How far have the Canadiens slid? Molson announced last June that the team and the brand new arena which bears the company name were for sale. The brewery searched for a Canadian buyer and did not get a single offer. There were two offers: One made and later withdrawn by Jonathan Ledecky, minority owner of the Washington Capitals, according to Molson, and then Gillett's on Christmas Day. Gillett bought 80 percent of the team, itself valued at $191 million by Forbes magazine, and the $200 million arena, for about $165 million total.

Gillett and the Canadiens could be a perfect match. He made a fortune in Colorado real estate, including Vail Mountain; lost everything in bankruptcy; then rebuilt his financial worth through meat packing and more ski holdings. He once owned a piece of the NFL's Miami Dolphins and for 11 years owned the Harlem Globetrotters, claiming a lifetime record of 3,499-1 with the latter.

But it's not Gillett or the fact that he's not French-Canadian, that worries Montreal fans so much; it's the state of the team and how long it will take to rebuild it.

"I never gave it any thought," Fisher said when asked about foreign ownership. "I thought either the Molson family or some other Canadian family would come through. But I don't think it's such a big deal. The fact the Canadiens are in danger of missing the playoffs for three straight years is a big deal. I never thought that would happen, ever.

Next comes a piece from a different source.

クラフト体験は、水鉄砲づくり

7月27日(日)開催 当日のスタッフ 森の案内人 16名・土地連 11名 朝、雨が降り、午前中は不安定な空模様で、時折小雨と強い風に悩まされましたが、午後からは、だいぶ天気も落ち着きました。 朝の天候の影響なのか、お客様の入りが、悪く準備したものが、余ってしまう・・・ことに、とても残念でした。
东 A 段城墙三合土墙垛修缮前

"If an American can make it work, fine, I don't have a problem with that. The team will never move the new owner promised that. He said they are the Montreal Canadiens, not some other Canadiens."

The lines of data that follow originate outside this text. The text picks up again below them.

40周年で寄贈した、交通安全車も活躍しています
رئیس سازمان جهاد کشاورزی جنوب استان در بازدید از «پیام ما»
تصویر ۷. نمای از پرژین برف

So where does the rebuilding start? Not in the big-name free agent market, most observers seem to agree, but in the front office. Gillett should hire an astute hockey person to run the franchise, someone who won't let personal likes or dislikes dictate personnel moves such as the disastrous one that sent Roy, a future Hall of Fame goalie, to Colorado, as well as a host of other mindless decisions. The person should be knowledgeable in drafting or hire the best person available in that area to avoid horrible blunders like when the team passed on Philadelphia Flyers All-Star Simon Gagne in 1998, or a year earlier when Montreal ignored Marian Hossa, now Ottawa's leading scorer.

The Canadiens also should send somebody to spend some time with Caps trainer Greg Smith and team physician Ben Shaffer, who turned a near catastrophic injury situation into one of the league's medical showcases. Montreal had more than 500 man-games lost last season and will surpass 400 tonight with a quarter of the season left.

Meanwhile, much of the Old World charm remains, and the bikers only fight among themselves. The Forum still stands and is worth a visit.